Chennai | In a historic verdict, the Madras High Court has ruled that cryptocurrencies will be treated as “property” under Indian law, even though they do not hold the status of legal tender. The judgment marks a major milestone in defining the legal framework around digital assets in India.
The ruling came in a case involving an investor’s XRP coin holdings, which had been frozen on the WazirX cryptocurrency platform following a cyberattack. Delivering the judgment, Justice Anand Venkatesh clarified that while cryptocurrencies are not physical assets or official currency, they possess all the essential characteristics of property.
“Cryptocurrency is neither a tangible asset nor a currency,” observed Justice Venkatesh, “but it is a form of property that can be held by an individual or kept in trust.”
The court directed the concerned company not to redistribute or transfer the disputed XRP holdings until the ongoing arbitration process reaches its final conclusion.
Legal experts have hailed the decision as a path-breaking step that provides long-awaited clarity on the status and ownership rights of digital assets in India.

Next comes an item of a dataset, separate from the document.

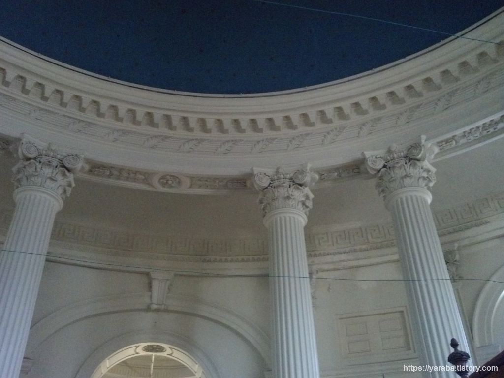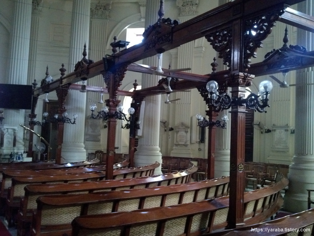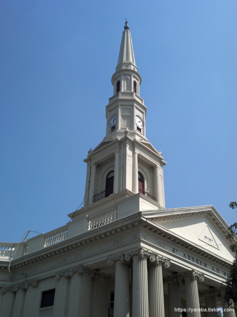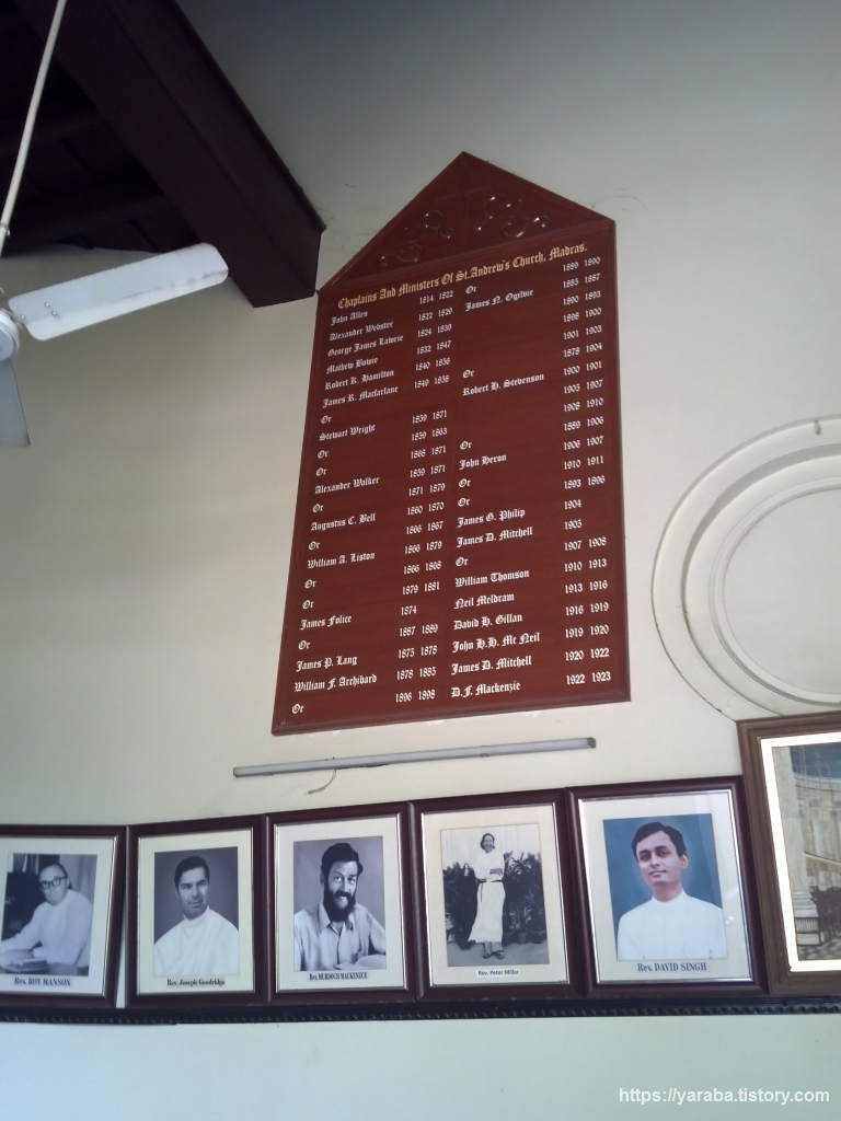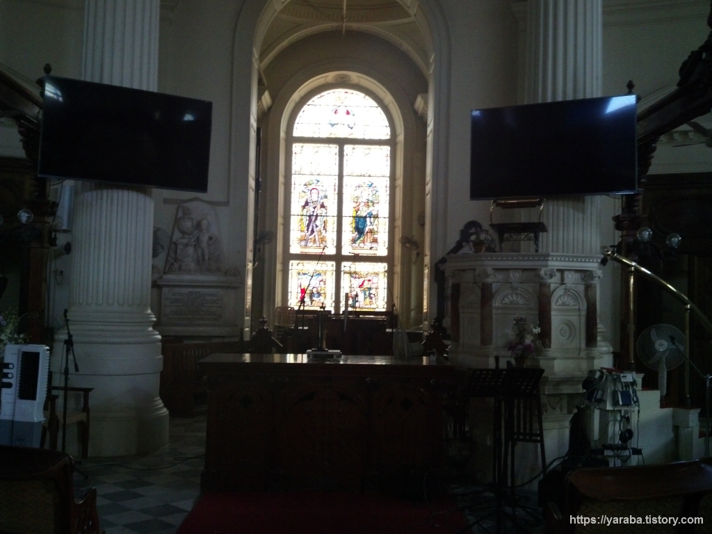 성 앤드류 교회는 1821년에 신고전주의 양식으로 세워진 스코트랜드 공동체를 위한 교회로 첸나이에서 가장 오래되고 아름다운 교회 중의 하나라고 한다. 내부는 위의 그림처럼 16개의 코린트식 기둥 위로 돔 천장이 있는 원형 예배당이다. 영국 런던의 트라팔가 광장에 있는 세인트 마틴 인더 필즈(St Martin-in-the-Fields) 교회를 본떠서 지었다고 한다. 200년이란 세월을 보낸 오래된 교회이기는 하지만 여전히 장로 교회 전통에 따라 예배가 드려지고 있다고 한다. 전면 기둥에 배치된 LCD 스크린을 보니 요즘도 예배가 드려지고 있음을 실감할 수 있다.
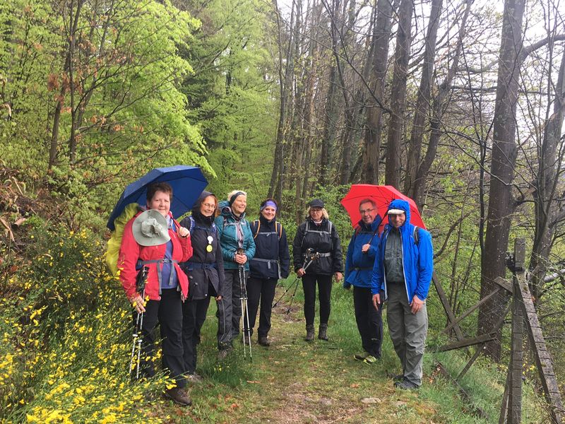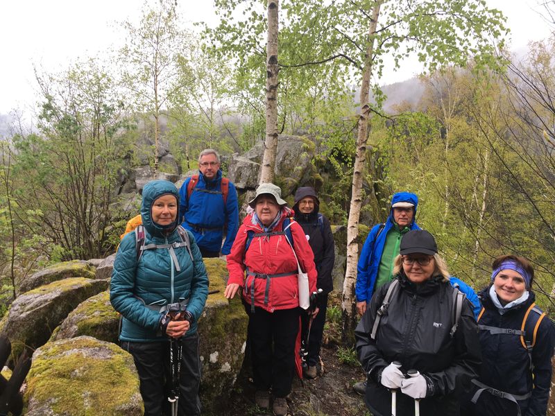 Bekanntlich gibt es kein schlechtes Wetter, nur schlechte Kleidung. Trotz sehr durchwachsener Wetterprognose machte sich eine 8-köpfige Wandergruppe auf zur 19 Kilometer langen Wanderung auf dem Gernsbacher Felsenweg.

They believe this recognition will strengthen investor protection and enhance accountability in cryptocurrency transactions.

Industry analysts note that this ruling could influence future policy decisions by financial regulators and lawmakers, potentially paving the way for comprehensive crypto legislation in India.
While the Reserve Bank of India (RBI) has previously warned against cryptocurrency trading, the Madras High Court’s acknowledgment of crypto as a form of property is expected to reshape discussions around taxation, inheritance, and asset protection in the digital economy.
The verdict, experts say, signals India’s gradual shift toward legal recognition of virtual assets, balancing innovation with investor security — a crucial step as the country navigates the future of digital finance.